I use Drupal extensively at our company and I love it - clean, well documented code, great features, great community, and fantastic flexibility.

That said, a standard Drupal 6 installation with no custom modules runs about 60 queries per page view. My local PC that I use to develop:

Executed 59 queries in 114.35 milliseconds

Just to view the front page. An actual site that we run runs 100s of queries per page view, in less than 500ms.

Now, my attitude is that while it would be better to run very few queries per page, it is entirely immaterial if pages render quickly and reliably. My biggest site gets 500 uniques a day, so I am yet to experience any major growing pains. Drupal seems to scale brilliantly, with some VERY big sites running on the system without any high-profile performance issues.
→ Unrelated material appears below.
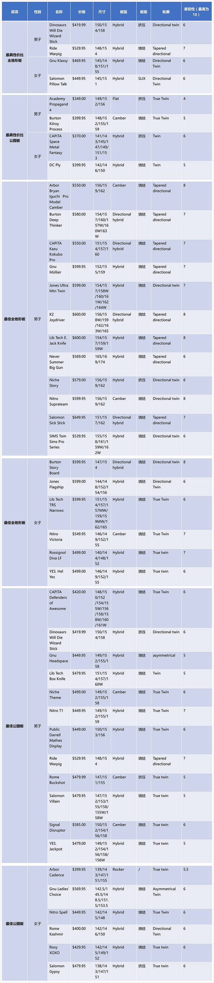看了“身经板战”的他们遴选出来的成果,相信这个雪季的新雪板你已经有了答案。小编最后提醒一句:测评仅供参考,体验才是王道。

The point I am trying to make is that I think developers can get very narrowly focussed on the ‘proper’ way to do something, when all that really matters is the result. I am as guilty as anyone. Your users don’t care that you managed to serve them a static cached version of the page, they just want the site to load quickly and work reliably.

WordPress is ugly as sin under the hood, but I think it has proven itself as a very, very capable blog platform. Similarly, a purist would say Drupal is a terrible platform because it runs 100s of queries where perhaps a few would do. But, it is easy to maintain, easy(ish) to use, and creates great sites.

Saying that a platform that runs 10s or 100s of queries is straight ‘bad design’ when the evidence suggest otherwise is simply elitist.

OK, so it’s just my home computer, but I installed Appache, MySQL and PHP on Windows XP … then I switched over to Ubuntu.

Apt-get and the synaptic package manager made installation much easier than I was expecting.

I found that the Linux versions of applications seemed to have fewer bugs (stored procedures didn’t work in the Windows Version of MySQLAdmin).

The HowTos had command lines that I could copy and run under Linux.

L-A-M-P, they were designed to work together, so I asked myself, why only go three quarters of the way into open source?

I can’t believe you called the developers of word press sloppy. Just because YOU have a requirement that they didn’t meet. (Out of the box, super fast, ready for digg running on windows)

Wordpress is one of the best blog engines out there because it is configurable and has an awesome ecosystem.

I would say that sloppy is just setting something up quickly and assume it can handle high load without tunning. (And running PHP on windows? come on!)

I too wish wp-cache were built into Wordpress and more easily configured. Wordpress has so much going for it but issues like this make me want to run Serendipity - http://www.s9y.org - and other blogging platforms.

Why don’t you vote with your choice of blogging engines and pick a “better” one?